■ **PROBLEM DETAILS**:
Go to the line that contains "第一步:在支付宝上点击我的,如上图;" in the records below and repeat it, and each line after it, exactly through the end, omitting pictures.

*** EXTRACTED MATERIAL Section Begins ***

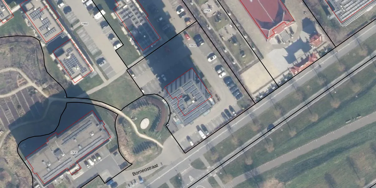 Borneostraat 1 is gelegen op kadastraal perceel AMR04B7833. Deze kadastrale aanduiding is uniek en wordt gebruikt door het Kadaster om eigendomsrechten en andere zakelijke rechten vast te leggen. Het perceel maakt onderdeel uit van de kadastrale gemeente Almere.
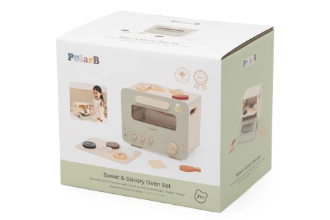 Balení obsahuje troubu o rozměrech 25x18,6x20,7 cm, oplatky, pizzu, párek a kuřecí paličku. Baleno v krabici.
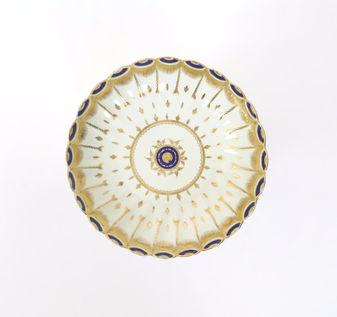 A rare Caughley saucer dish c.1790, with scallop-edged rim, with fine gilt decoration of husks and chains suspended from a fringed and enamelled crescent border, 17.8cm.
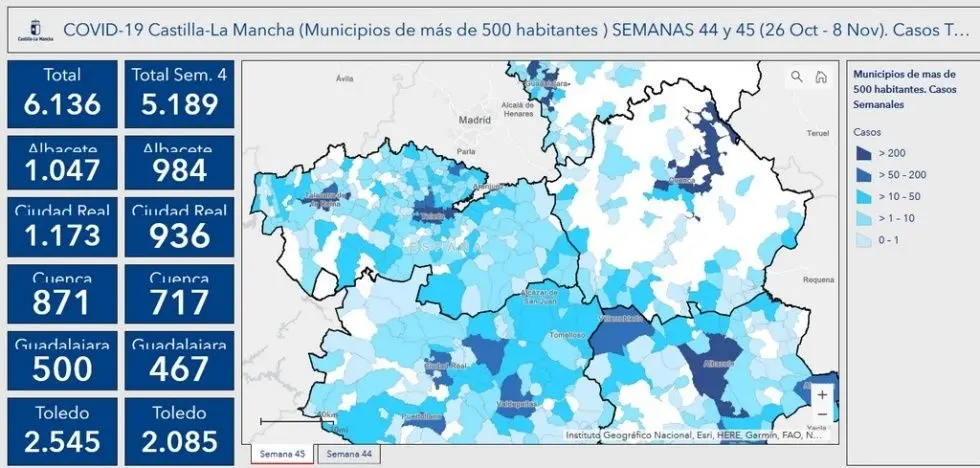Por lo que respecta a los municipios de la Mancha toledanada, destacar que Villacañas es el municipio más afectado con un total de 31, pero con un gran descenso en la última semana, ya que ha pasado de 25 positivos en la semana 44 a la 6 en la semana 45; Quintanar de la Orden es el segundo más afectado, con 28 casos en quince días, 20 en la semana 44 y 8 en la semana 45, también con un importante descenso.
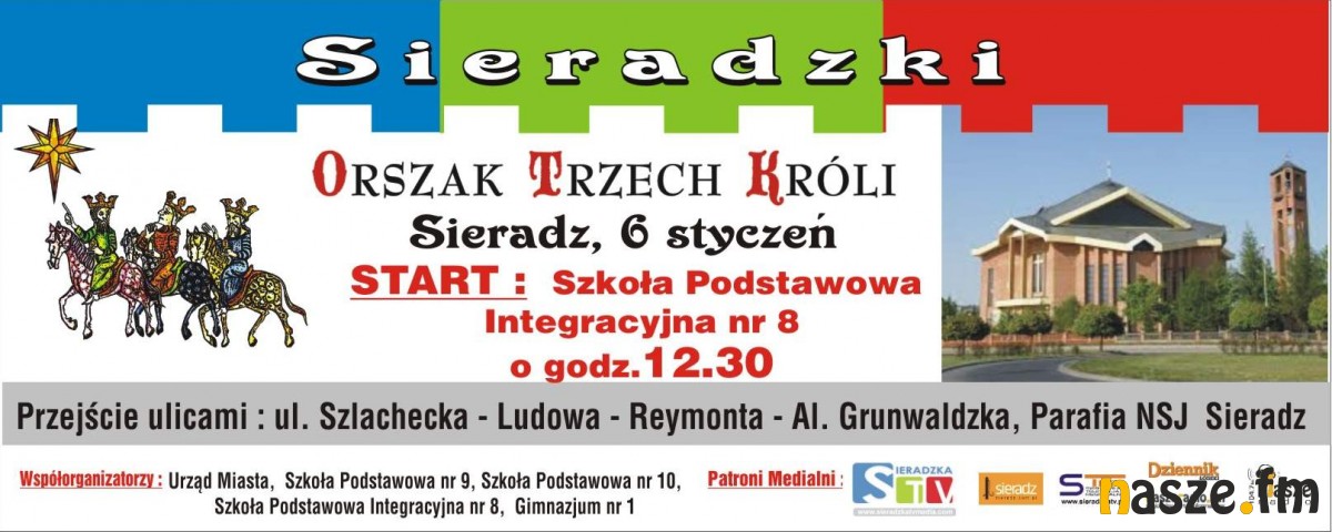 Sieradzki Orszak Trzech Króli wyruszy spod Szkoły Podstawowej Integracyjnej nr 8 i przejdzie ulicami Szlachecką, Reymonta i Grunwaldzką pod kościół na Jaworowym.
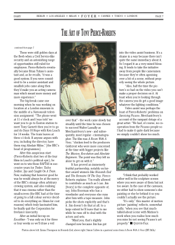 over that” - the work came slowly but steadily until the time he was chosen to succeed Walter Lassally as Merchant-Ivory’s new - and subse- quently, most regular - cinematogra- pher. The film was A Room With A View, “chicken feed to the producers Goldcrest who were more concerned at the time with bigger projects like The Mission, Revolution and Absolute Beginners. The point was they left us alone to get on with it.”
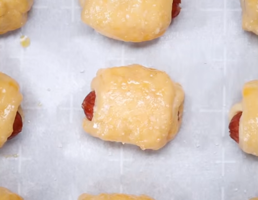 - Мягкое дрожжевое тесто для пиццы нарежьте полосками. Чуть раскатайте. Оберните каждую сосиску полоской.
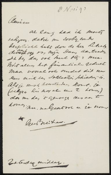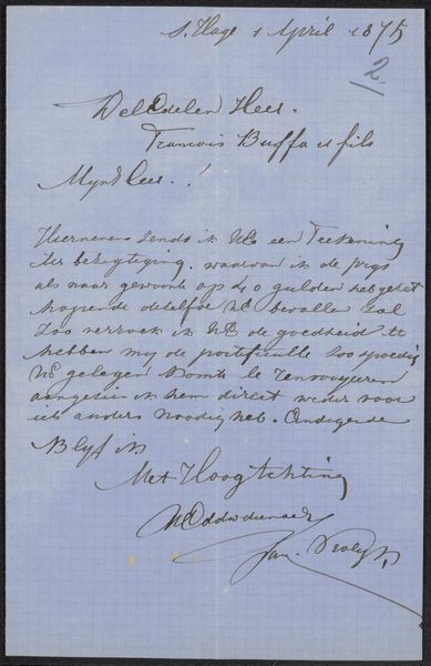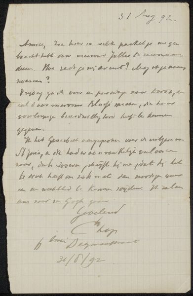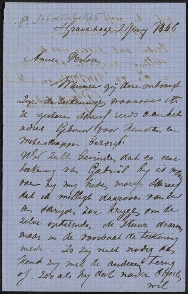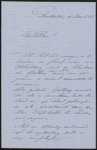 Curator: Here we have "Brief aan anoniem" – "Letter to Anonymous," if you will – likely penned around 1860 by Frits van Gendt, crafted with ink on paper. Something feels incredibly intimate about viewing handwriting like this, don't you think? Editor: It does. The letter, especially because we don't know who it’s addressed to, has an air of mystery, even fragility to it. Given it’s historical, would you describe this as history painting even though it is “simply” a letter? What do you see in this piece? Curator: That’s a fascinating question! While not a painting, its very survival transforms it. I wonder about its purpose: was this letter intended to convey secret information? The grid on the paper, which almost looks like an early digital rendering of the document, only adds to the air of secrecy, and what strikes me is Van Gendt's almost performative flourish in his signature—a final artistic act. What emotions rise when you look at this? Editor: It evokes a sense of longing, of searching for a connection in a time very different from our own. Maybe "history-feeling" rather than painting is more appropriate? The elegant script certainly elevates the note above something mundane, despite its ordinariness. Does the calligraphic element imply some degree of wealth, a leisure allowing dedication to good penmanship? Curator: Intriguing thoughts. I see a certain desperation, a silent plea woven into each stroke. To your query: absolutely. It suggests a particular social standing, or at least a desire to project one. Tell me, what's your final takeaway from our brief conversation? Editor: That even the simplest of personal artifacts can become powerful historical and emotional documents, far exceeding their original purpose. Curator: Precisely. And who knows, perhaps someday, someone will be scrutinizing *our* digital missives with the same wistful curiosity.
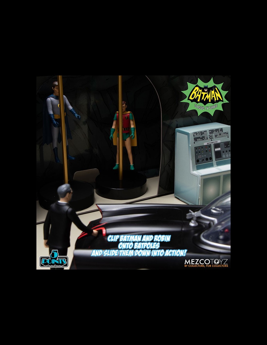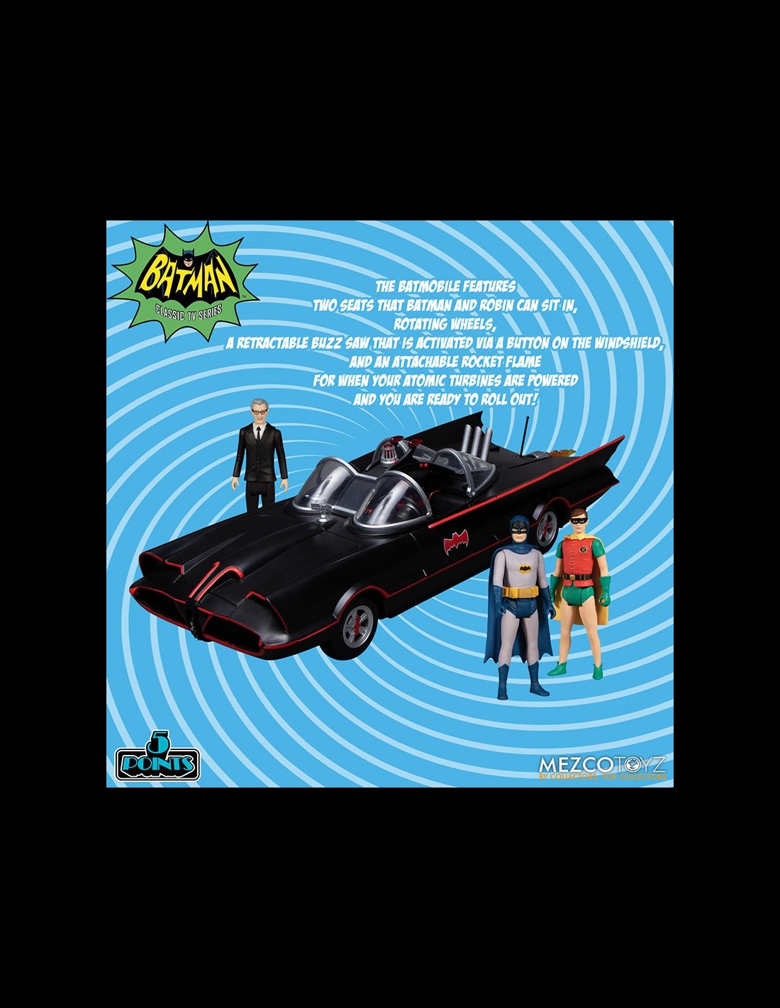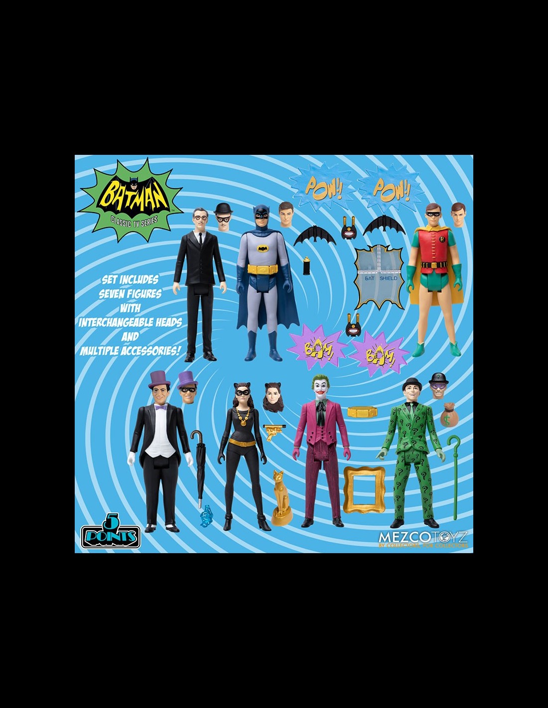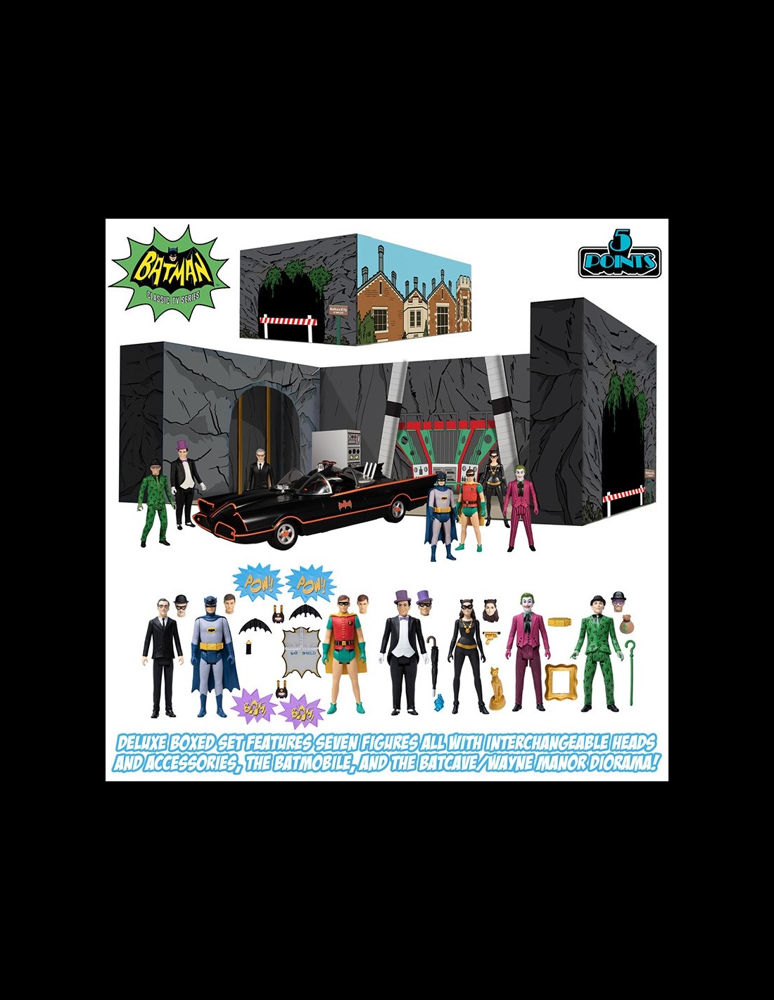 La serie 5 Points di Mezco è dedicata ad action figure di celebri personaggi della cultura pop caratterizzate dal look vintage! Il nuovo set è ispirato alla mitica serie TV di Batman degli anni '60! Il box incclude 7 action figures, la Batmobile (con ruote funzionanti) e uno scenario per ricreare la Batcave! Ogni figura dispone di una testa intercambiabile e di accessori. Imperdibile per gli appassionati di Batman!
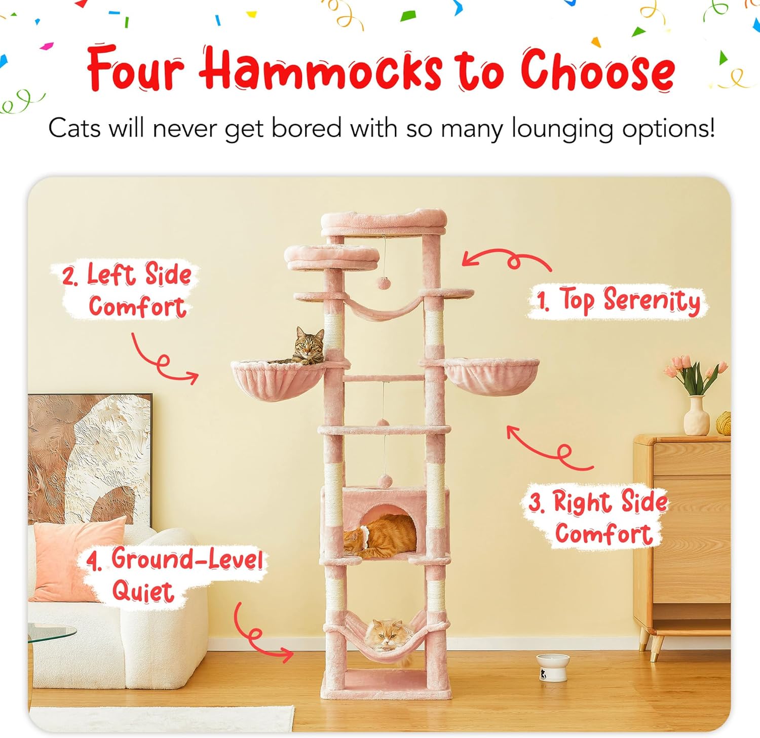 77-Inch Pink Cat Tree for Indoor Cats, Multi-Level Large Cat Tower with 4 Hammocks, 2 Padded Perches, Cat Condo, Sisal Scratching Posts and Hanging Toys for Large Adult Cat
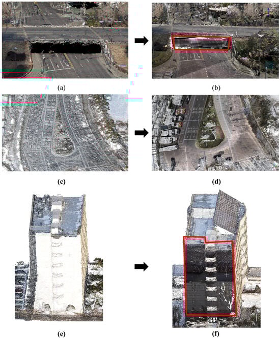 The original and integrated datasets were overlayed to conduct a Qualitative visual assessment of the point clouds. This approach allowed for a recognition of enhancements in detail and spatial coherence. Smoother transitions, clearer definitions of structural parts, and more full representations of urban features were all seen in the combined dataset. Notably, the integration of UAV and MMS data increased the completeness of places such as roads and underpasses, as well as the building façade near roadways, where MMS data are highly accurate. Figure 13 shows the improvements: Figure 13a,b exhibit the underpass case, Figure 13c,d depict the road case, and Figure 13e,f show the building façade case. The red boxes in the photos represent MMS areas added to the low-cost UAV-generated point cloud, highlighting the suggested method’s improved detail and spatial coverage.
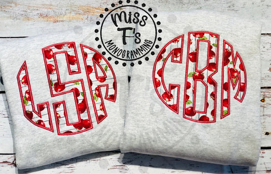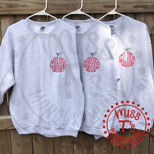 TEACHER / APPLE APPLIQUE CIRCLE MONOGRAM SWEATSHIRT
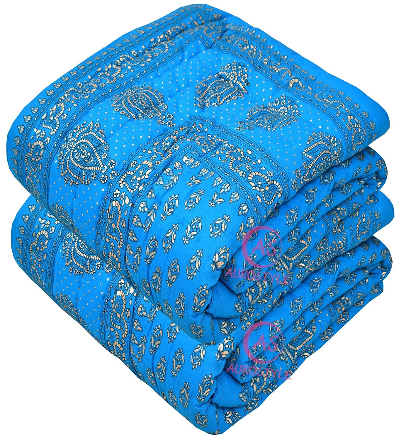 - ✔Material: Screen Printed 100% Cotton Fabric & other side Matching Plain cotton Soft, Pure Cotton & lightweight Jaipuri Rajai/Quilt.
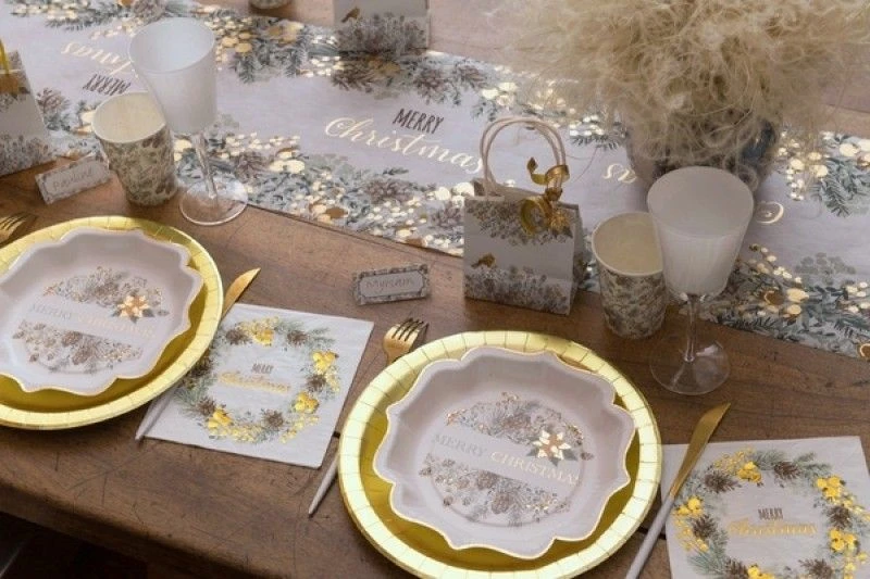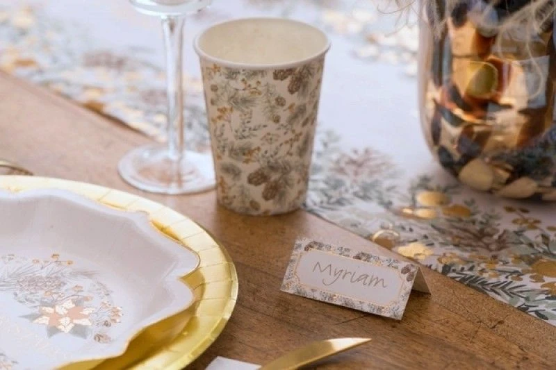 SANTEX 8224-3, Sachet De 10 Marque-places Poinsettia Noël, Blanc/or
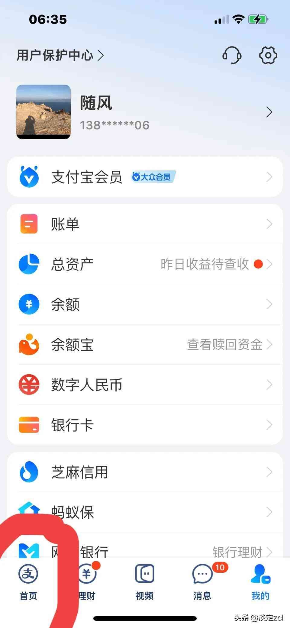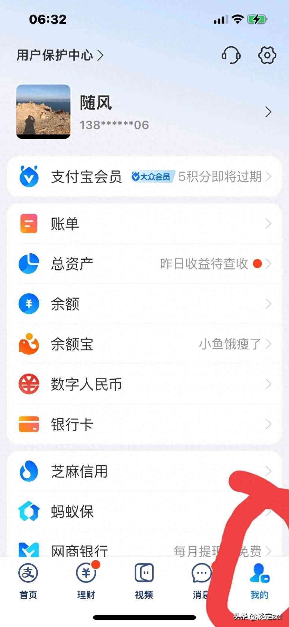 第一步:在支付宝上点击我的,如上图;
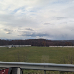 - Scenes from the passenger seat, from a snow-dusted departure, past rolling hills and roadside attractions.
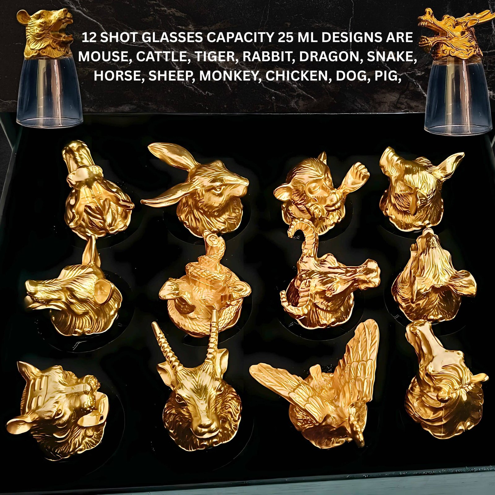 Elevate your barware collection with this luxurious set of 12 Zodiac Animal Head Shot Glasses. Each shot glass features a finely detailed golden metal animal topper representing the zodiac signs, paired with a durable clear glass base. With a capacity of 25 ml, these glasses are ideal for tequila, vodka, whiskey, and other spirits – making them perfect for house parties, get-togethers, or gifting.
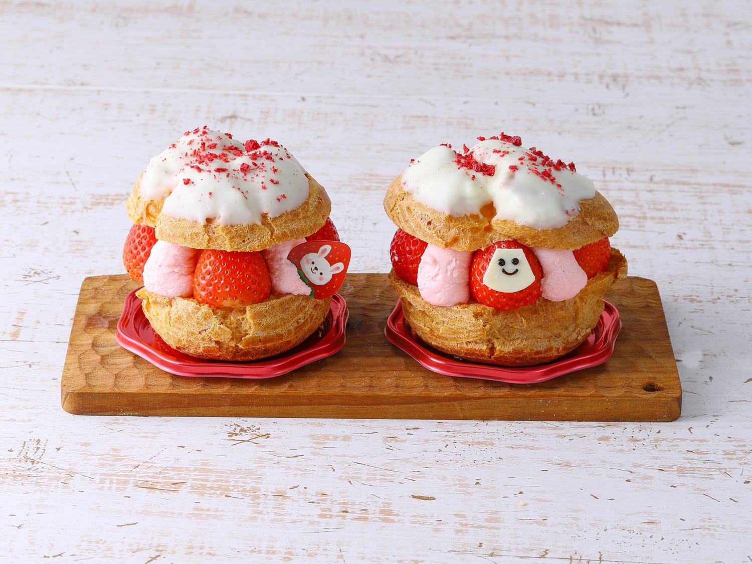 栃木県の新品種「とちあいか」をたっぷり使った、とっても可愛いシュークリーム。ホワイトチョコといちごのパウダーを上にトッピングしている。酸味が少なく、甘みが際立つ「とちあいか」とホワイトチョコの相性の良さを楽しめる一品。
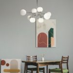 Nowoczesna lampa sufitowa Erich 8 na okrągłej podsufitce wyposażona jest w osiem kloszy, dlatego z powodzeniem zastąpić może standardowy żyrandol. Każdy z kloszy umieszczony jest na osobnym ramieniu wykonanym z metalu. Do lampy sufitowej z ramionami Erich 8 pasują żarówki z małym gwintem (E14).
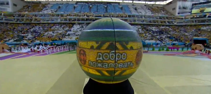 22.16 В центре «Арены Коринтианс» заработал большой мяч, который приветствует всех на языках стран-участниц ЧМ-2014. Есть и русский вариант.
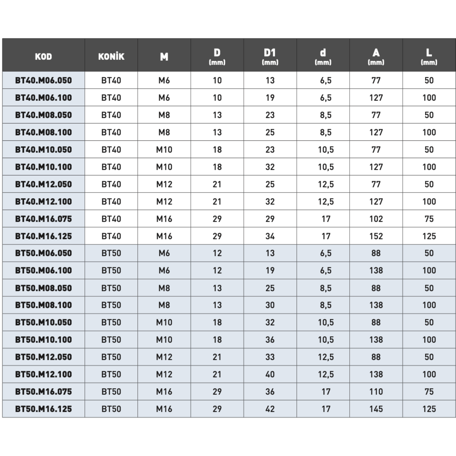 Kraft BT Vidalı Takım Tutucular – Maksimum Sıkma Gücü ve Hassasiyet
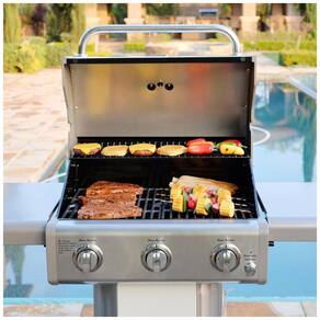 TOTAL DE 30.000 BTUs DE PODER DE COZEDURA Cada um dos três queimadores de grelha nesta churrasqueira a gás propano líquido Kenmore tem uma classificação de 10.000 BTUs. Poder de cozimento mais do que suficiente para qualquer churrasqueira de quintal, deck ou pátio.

*** EXTRACTED MATERIAL Section Ends ***

■ **SOLVED EXERCISE**:
 第一步:在支付宝上点击我的,如上图;
 - Scenes from the passenger seat, from a snow-dusted departure, past rolling hills and roadside attractions.
 Elevate your barware collection with this luxurious set of 12 Zodiac Animal Head Shot Glasses. Each shot glass features a finely detailed golden metal animal topper representing the zodiac signs, paired with a durable clear glass base. With a capacity of 25 ml, these glasses are ideal for tequila, vodka, whiskey, and other spirits – making them perfect for house parties, get-togethers, or gifting.
 栃木県の新品種「とちあいか」をたっぷり使った、とっても可愛いシュークリーム。ホワイトチョコといちごのパウダーを上にトッピングしている。酸味が少なく、甘みが際立つ「とちあいか」とホワイトチョコの相性の良さを楽しめる一品。
 Nowoczesna lampa sufitowa Erich 8 na okrągłej podsufitce wyposażona jest w osiem kloszy, dlatego z powodzeniem zastąpić może standardowy żyrandol. Każdy z kloszy umieszczony jest na osobnym ramieniu wykonanym z metalu. Do lampy sufitowej z ramionami Erich 8 pasują żarówki z małym gwintem (E14).
 22.16 В центре «Арены Коринтианс» заработал большой мяч, который приветствует всех на языках стран-участниц ЧМ-2014. Есть и русский вариант.
 Kraft BT Vidalı Takım Tutucular – Maksimum Sıkma Gücü ve Hassasiyet
 TOTAL DE 30.000 BTUs DE PODER DE COZEDURA Cada um dos três queimadores de grelha nesta churrasqueira a gás propano líquido Kenmore tem uma classificação de 10.000 BTUs. Poder de cozimento mais do que suficiente para qualquer churrasqueira de quintal, deck ou pátio.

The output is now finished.